Manchester Business School reaction to Autumn Statement

31st October 2024, 2:03 pm

Ken McPhail, Head of Alliance Manchester Business School said:

“Today’s budget signals a shift in UK economic strategy in two ways. The energy profits levy, employers NI hike, minimum wage increases and VAT on private schools means the private sector and the better off will undoubtedly pay more. Supporters of Reeves will say that this reflects a focus on economic fairness needed to address the sense of disenfranchisement in many left behind neighbourhoods. Second, it’s a budget that prioritises public investment, for example in healthcare and education. It’s an approach that we’ve not seen in quite some time.

“Beyond the question of redistribution is, of course, growth and where it will come from. This is definitely a more interventionist government that doesn’t have the same faith in markets as its predecessors.
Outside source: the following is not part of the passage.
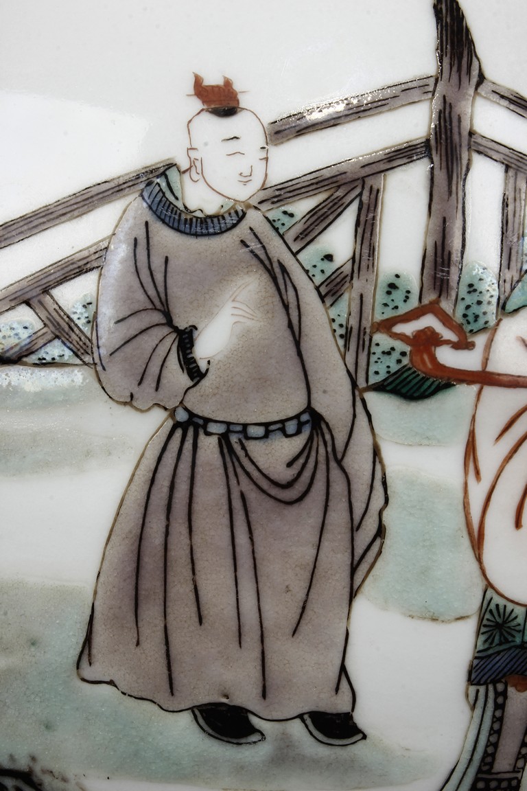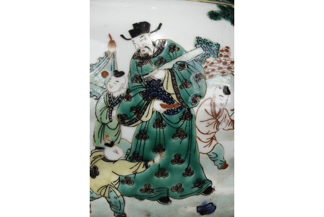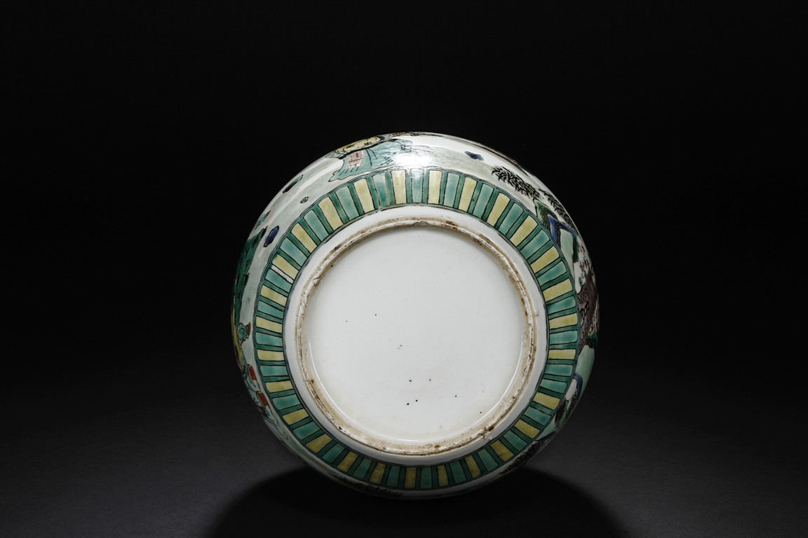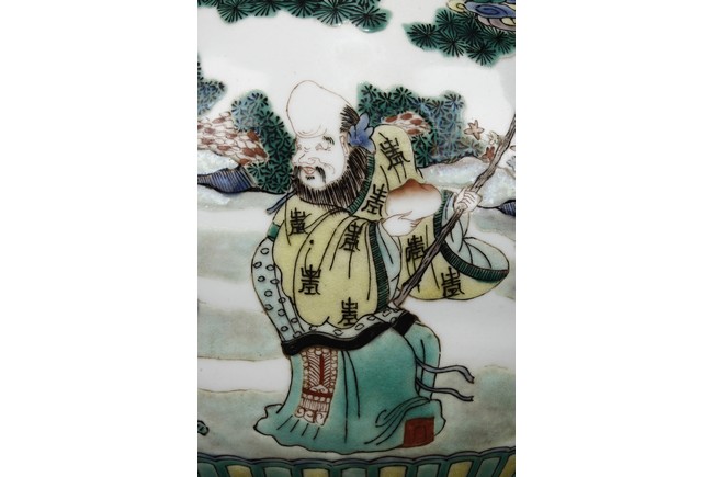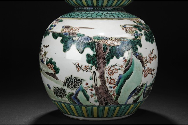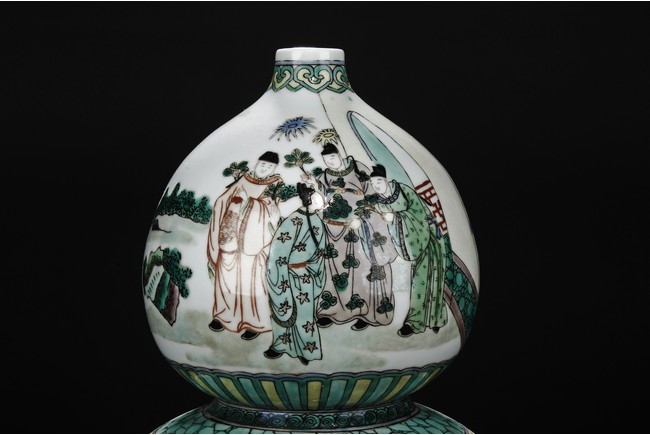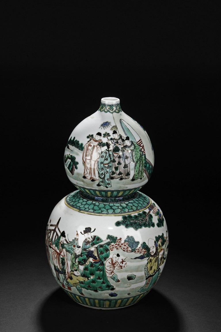 Of double gourd form, the wucai vase depicts garden and outdoor scenery, with Fu, Lu, and Shou Immortals and officials on the outside, surrounded by pine trees, plum flowers, and viewing stones on the lower gourd, and a group of scholars conversing in a garden on the upper gourd. Qing Dynasty period.
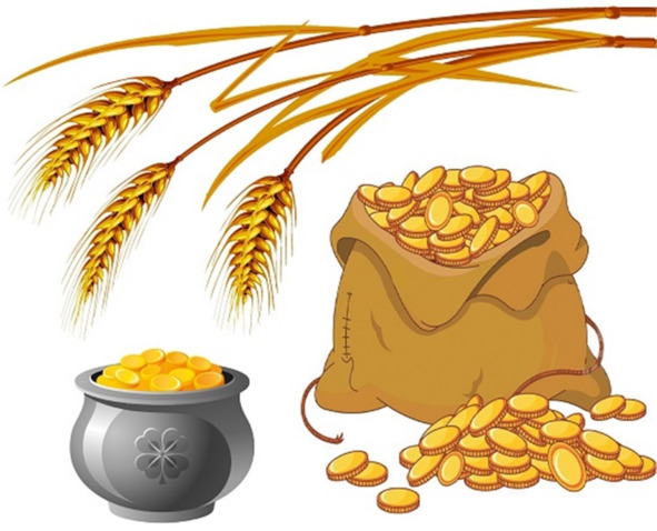 — Ладно! — с досадой кричит купец. — Не хочешь поделиться пшеницей, тогда продай её мне! Я богатый, я тебе за пять мешков пшеницы – пять золотых зёрен дам!

The new National Wealth Fund, for example, will deliver funding to industries with highest growth potential.  However, more needs to be done here to link local pension funds with regional growth to drive investment into growth areas.  That said, positive announcements on devolution will increase the autonomy needed to more effectively coordinate local economic industrial strategy.

“Of course there was also a lot missing from the budget. Perhaps this was to be expected, however. Today’s budget is, after all, only a one-year budget settlement. The big budget decisions will follow the Spending Review process that will conclude in May or June next year that will set the spending envelope for the following three years.”